Study shows that adding silicon to soil could help protect canola from clubroot

Adding silicon to soil could help battle clubroot, a deadly disease in canola crops, new University of Alberta research shows.

The study, the first known to explore the effects of silicon on the disease specifically in canola, showed that mixing the element with soil reduced overall clubroot symptoms in susceptible plants—those not bred for resistance to the disease—by up to 46%. The work is published in the journal Physiologia Plantarum.

The greenhouse experiments revealed that infection was slowed and the formation of galls on the plants was reduced, when silicon, in the form of a water-soluble salt, was included in the soil.

As a result, the treatment also appeared to improve the height, root length and drought tolerance of the plants, even in the presence of the clubroot pathogen, the study found.

Potential boon for producers

The findings could ultimately give canola producers another way to manage clubroot, says study lead Ananya Sarkar, a Ph.D. candidate in plant science in the Faculty of Agricultural, Life & Environmental Sciences.

"The experiment shows the potential benefits of silicon as an effective, economical tool for canola producers," says Sarkar, whose work was supervised by professor Nat Kav.

Research has already shown that silicon—one of the most common elements on Earth—eases disease-related stress and also improves resistance to pathogens in various other plants, Sarkar notes.

Silicon, currently an ingredient in some fertilizers, also has the advantage of being less costly to apply to canola crops than other alternatives such as liming, she adds.

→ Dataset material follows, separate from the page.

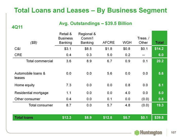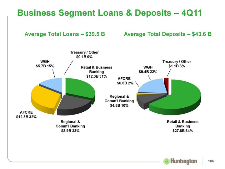 | Business Segment Loans & Deposits - 4Q11 Average Total Deposits - $43.6 B Average Total Loans - $39.5 B (CHART) (CHART) AFCRE $12.5B 32% Retail & Business Banking $12.3B 31% Treasury / Other $0.1B 0% Regional & Comm'l Banking $8.9B 23% WGH $5.7B 15% AFCRE $0.8B 2% Treasury / Other $1.1B 3% Retail & Business Banking $27.8B 64% Regional & Comm'l Banking $4.5B 10% WGH $9.4B 22% 106 |

Staying ahead of an evolving adversary

By analyzing silicon's interaction with the canola plants, Sarkar and her co-researchers also found possible routes for improving clubroot resistance.

The research identified several canola plant genes and metabolites that were altered by silicon application.

These underlying mechanisms could identify specific genes associated with clubroot disease resistance and potentially help combat constantly evolving resistance breakdown, she notes.

"Considering that on the prairies, genetic resistance has been the first line of defense in clubroot-infested fields, this finding could contribute to a robust management strategy for canola producers."

The fact that silicon not only protects against diseases like clubroot, but also has the ability to improve plant responses to environmental stresses like drought and extreme heat, makes the discovery even more significant, Kav adds.

"In this era of climate change, any method we have at our disposal to improve plant health would contribute to enhancing global food security."

The team will now take their research beyond the greenhouse and into the field, to explore whether silicon benefits canola against several mixed types of clubroot.